2014-06-05 07:15:00 | 海外ネットワーク
6月1日 NHK海外ネットワーク


日本の消費税は世界的には一般的に付加価値税とよばれ140以上の国で導入されている。
品物やサービスの取引に広く課税をすることで財源を確保する付加価値税。
急成長が続くアフリカでも多くの国が採用している。
ただアフリカでは制度はあっても税金の徴収が上手くいっていない国が多いというのが現状である。
そのような国のひとつ ブルキナファソにビジネスチャンスを見出そうとする日本企業がある。

アフリカ西部 サハラ砂漠の南に位置するブルキナファソ。
国民1人当たりの年間所得は約6万円と最貧国のひとつだがいま大きな変化が起きつつある。

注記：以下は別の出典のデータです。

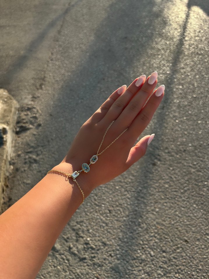 Turkuaz renkli, Taş deseni ve zincir detaylı kadın el zinciri. Bohem ve minimalist tarza uygun.

中国など新興国向けの農産物の輸出が好調で海外からの投資も増加。
ここ数年は10%近い経済成長が続き
人口1700万の国民の半数が携帯電話を手にするようになった。
経済が上向きになるなか税収を増やす手段として政府がいま目を向けているのが20年前に導入した付加価値税である。
税率は18%。
しかしこれまで期待通りに税収はあがっていない。
多くの店が売り上げをごまかして申告し脱税してきたからである。
この状況にビジネスチャンスを見出した日本の企業がある。
レジメーカー社長 山田哲夫さん(65)。
山田さんはブルキナファソ国税庁のトップと直接交渉した。
売り込んでいるのはレジに接続する黒い端末。
店のレジにつなぐだけで国税庁は店の売り上げを直接把握できるようになる。
(山田哲夫さん)
「すべての情報を入手できる。
 国税査察官がチェックするのと同じだ。」
店が売り上げをごまかし脱税するのを防げるとあってブルキナファソ政府は山田さんにまず500台を注文した。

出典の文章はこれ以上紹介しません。